Characterization of the ompL1 gene of pathogenic Leptospira species in China and cross-immunogenicity of the OmpL1 protein
1 Division of Basic Medical Microbiology, State Key Laboratory for Diagnosis and Treatment of Infectious Diseases, the First Affiliated Hospital of Medical College, Zhejiang University, Hangzhou Zhejiang, PR China
2 Department of Medical Microbiology and Parasitology, Medical College of Zhejiang University, Hangzhou Zhejiang, PR China
3 Medical School of Jinhua Professional Technique College, Jinhua Zhejiang, PR China
4 New York Presbyterian Hospital & Hospital for Special Surgery, Weill Medical College, Cornell University, New York, NY, USA
5 School of Natural Sciences, University of California, Merced, CA, USA
BMC Microbiology 2008, 8:223 doi:10.1186/1471-2180-8-223Published: 17 December 2008
The usefulness of available vaccine and serological tests for leptospirosis is limited by the low cross-reactivity of antigens from numerous serovars of pathogenic Leptospira spp. Identification of genus-specific protein antigens (GP-Ag) of Leptospira would be important for development of universal vaccines and serodiagnostic methods. OmpL1, a transmembrane porin of pathogenic leptospires, was identified as a possible GP-Ag, but its sequence diversity and immune cross-reactivity among different serovars of pathogenic leptospires remains largely unknown.

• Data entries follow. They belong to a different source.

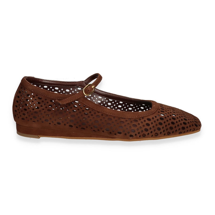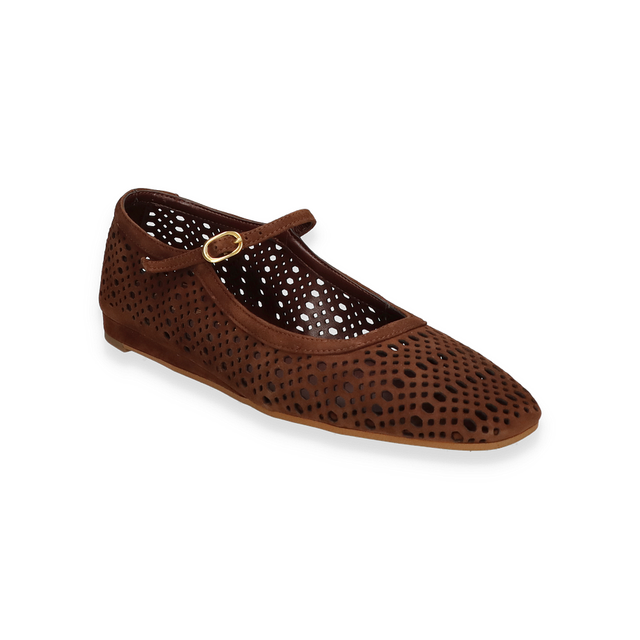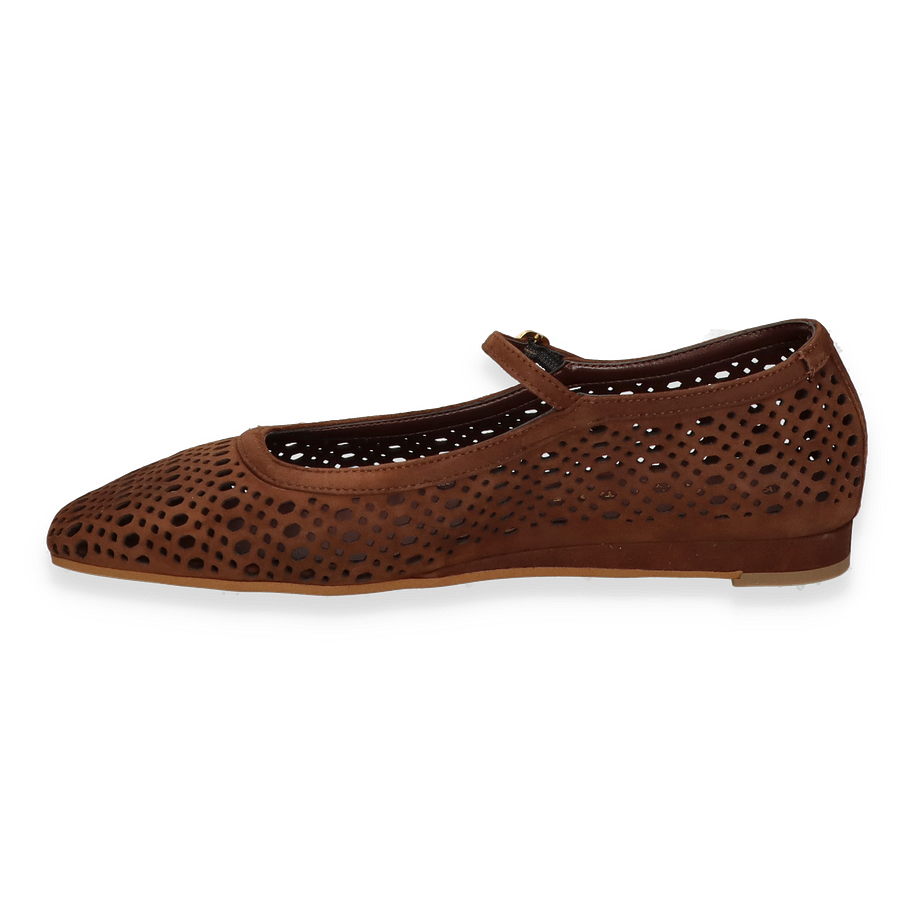 Preis inkl. MwSt.Entdecken Sie die eleganten Ballerinas von Konstantin Starke in einem warmen Braunton, die mit ihrem raffinierten Design überzeugen. Diese für Damen entworfenen Schuhe zeichnen sich durch ein filigranes Lochmuster aus, das sowohl Stil als auch Atmungsaktivität bietet. Der zarte Riemen mit goldener Schnalle verleiht dem Schuh eine feminine Note und sorgt für sicheren Halt. Die flache Form mit einer Absatzhöhe von nur 1 cm macht sie ideal für den täglichen Gebrauch, ohne auf Eleganz zu verzichten.
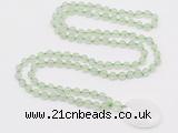 Details: Hand-knotted prehnite mala necklaces: 108 8mm/10mm round grade AA prehnite beads with white crystal pendant/12mm guru bead and white crystal pendant (you can choose different pendants, but there will be tiny different in shape & color, we will make the jewelry randomly according to our stock) Item: GMN5146 Material: No.1: 8mm: 108 8mm prehnite beads & blue chalcedony pendant 10mm: 108 10mm prehnite beads & blue chalcedony pendant No.2: 8mm: 108 8mm prehnite beads, 12mm guru bead & blue chalcedony pendant 10mm: 108 10mm prehnite beads, 12mm guru bead & blue chalcedony pendant Color: See image Length (inch): Necklace length: 8mm: approx 37 - 40 inches (Not including guru bead & pendant) 10mm: approx 46 - 50 inches (Not including guru bead & pendant) Pendants: approx 30*40mm Quantity Discount Pricing: 1 - 4: None 5 - 49: 95% 50 - 99: 90% 100+: 85% This mala is available in both 8mm and 10mm beads, The listed price is for 1 piece 8mm mala necklace
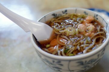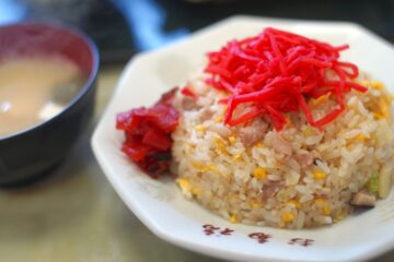 さらに「かしわそば」のそばは、なぜか茶そばであ離、炒飯は味わいが淡く、そのかわりに紅生姜が、たっぷり乗せられているのであった。
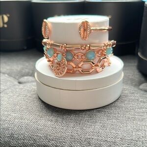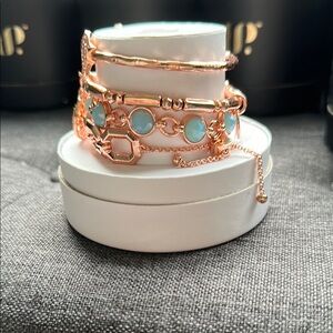 Elegant rose gold bracelet set featuring turquoise accents. Perfect for adding a touch of sophistication to any outfit.
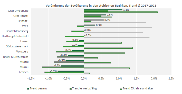 wachstum seit 2017 positiv bzw. stagnierend. Die stärksten Zugewinne verzeichneten die Bezirke Graz-Umgebung (+1,1 % p.a.), Graz (Stadt) sowie Leibnitz (jeweils durchschnittlich +0,6 % p.a.). Die stärksten Rückgänge wurden in Leoben (-0,7 % p.a.), Murau (-0,6 % p.a.) und im Bezirk Murtal (-0,5 % p.a.) beobachtet. Die erwerbsfähige Bevölkerung verzeichnete lediglich in den Bezirken Graz-Umgebung (+0,7 % p.a.), Graz (Stadt) (+0,5 % p.a.) und Leibnitz (+0,2 % p.a.) positive – jedoch verglichen mit der Bevölkerungsentwicklung insgesamt – unterdurchschnittliche jährliche Zuwächse, in allen steirischen Bezirken nahm die ältere Bevölkerung zu. Anteilsmäßig am stärksten vertreten ist die Gruppe der 65-jährigen und älteren Personen in den Bezirken Leoben und Bruck-Mürzzuschlag. Jede vierte Person war in den beiden Bezirken mit Stand 01.01.201 bereits 65 Jahre oder älter. Den stärksten Zugewinn verzeichnete die Bevölkerungsgruppe 65plus in den Bezirken Graz-Umgebung mit durchschnittlich +2,1 % p.a. sowie Weiz und Hartberg-Fürstenfeld (jeweils durchschnittlich +1,9 % p.a.).
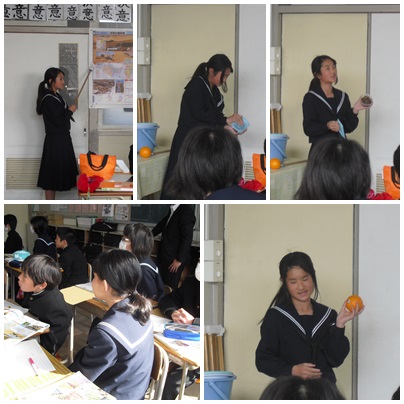 1年2組社会ではアメリカの農産物についての発表が行われました。聞くこどもたちの様子もうなずきが増えてきましたね。中村さんは実際のアメリカの肉やオレンジを持ってきてみんなにみせてくれました。
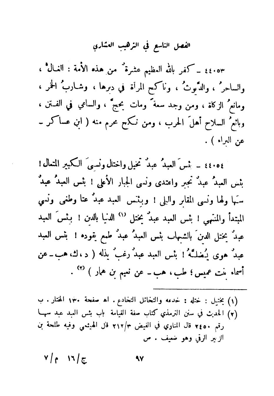 الفصل التاسع في الترهيب العشاري
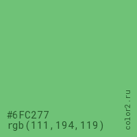 Цвет #6FC277 в цветовой модели RGB обозначается тремя октетами (111, 194, 119) в десятичном формате и #6FC277 в шестнадцатиричном (hex) формате, которые являются интенсивностью красного 111 (hex 6F), интенсивность зелёного 194 (hex C2) и интенсивность синего 119 (hex 77).

PCR analysis demonstrated that the ompL1 gene existed in all 15 official Chinese standard strains as well as 163 clinical strains of pathogenic leptospires isolated in China. In the standard strains, the ompL1 gene could be divided into three groups (ompL1/1, ompL1/2 and ompL1/3) according to their sequence identities. Immune electron microscopy demonstrated that all products of the different gene types of ompL1 are located on the surface of leptospires. The microscopic agglutination test revealed extensive yet distinct cross-immunoagglutination among the antisera against recombinant OmpL1 (rOmpL1) and leptospiral strains belonging to different ompL1 gene types. These cross-immunoreactions were further verified by ELISAs using the OmpL1 proteins as the coated antigens in serum samples from 385 leptospirosis patients. All the antisera against rOmpL1 proteins could inhibit L. interrogans strain Lai from adhering to J774A.1 cells. Furthermore, immunization of guinea pigs with each of the rOmpL1 proteins could cause cross-immunoprotection against lethal challenge with leptospires from different ompL1 gene types.
Three types of the ompL1 gene are present in pathogenic leptospires in China. OmpL1 is an immunoprotective GP-Ag which should be considered in the design of new universal vaccines and serodiagnostic methods against leptospirosis.